▶ _What to produce_
Copy each line below exactly as it appears. Pictures are to be omitted.

▶ _Raw data_
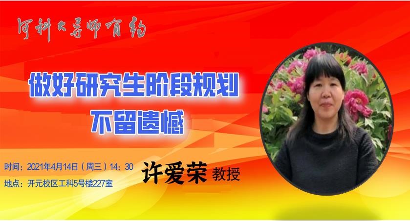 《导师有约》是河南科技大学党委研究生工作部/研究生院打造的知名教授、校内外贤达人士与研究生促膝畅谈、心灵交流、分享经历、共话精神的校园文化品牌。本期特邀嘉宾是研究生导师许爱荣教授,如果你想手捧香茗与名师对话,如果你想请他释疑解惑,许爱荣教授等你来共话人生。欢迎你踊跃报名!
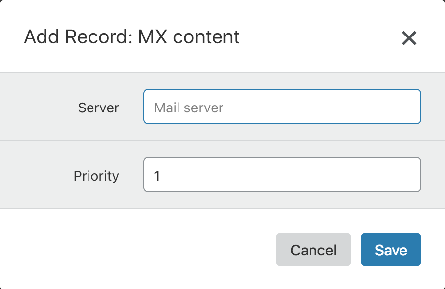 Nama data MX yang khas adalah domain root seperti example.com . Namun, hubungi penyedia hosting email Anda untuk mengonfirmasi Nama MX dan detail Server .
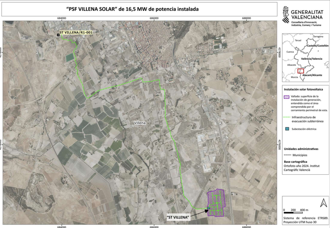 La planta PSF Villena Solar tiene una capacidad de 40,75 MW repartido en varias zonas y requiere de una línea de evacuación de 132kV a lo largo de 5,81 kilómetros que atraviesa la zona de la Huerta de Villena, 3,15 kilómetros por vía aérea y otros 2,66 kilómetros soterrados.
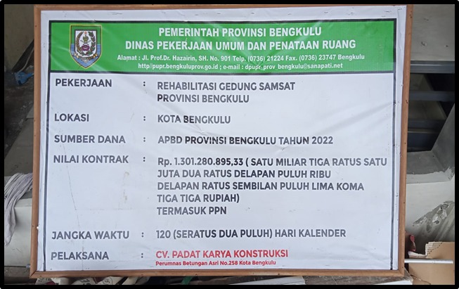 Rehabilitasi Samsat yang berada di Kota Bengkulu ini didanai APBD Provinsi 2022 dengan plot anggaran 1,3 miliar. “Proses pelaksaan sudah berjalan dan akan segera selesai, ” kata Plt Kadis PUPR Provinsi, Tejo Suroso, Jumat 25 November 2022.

▶ _Task answer_
 《导师有约》是河南科技大学党委研究生工作部/研究生院打造的知名教授、校内外贤达人士与研究生促膝畅谈、心灵交流、分享经历、共话精神的校园文化品牌。本期特邀嘉宾是研究生导师许爱荣教授,如果你想手捧香茗与名师对话,如果你想请他释疑解惑,许爱荣教授等你来共话人生。欢迎你踊跃报名!
 Nama data MX yang khas adalah domain root seperti example.com . Namun, hubungi penyedia hosting email Anda untuk mengonfirmasi Nama MX dan detail Server .
 La planta PSF Villena Solar tiene una capacidad de 40,75 MW repartido en varias zonas y requiere de una línea de evacuación de 132kV a lo largo de 5,81 kilómetros que atraviesa la zona de la Huerta de Villena, 3,15 kilómetros por vía aérea y otros 2,66 kilómetros soterrados.
 Rehabilitasi Samsat yang berada di Kota Bengkulu ini didanai APBD Provinsi 2022 dengan plot anggaran 1,3 miliar. “Proses pelaksaan sudah berjalan dan akan segera selesai, ” kata Plt Kadis PUPR Provinsi, Tejo Suroso, Jumat 25 November 2022.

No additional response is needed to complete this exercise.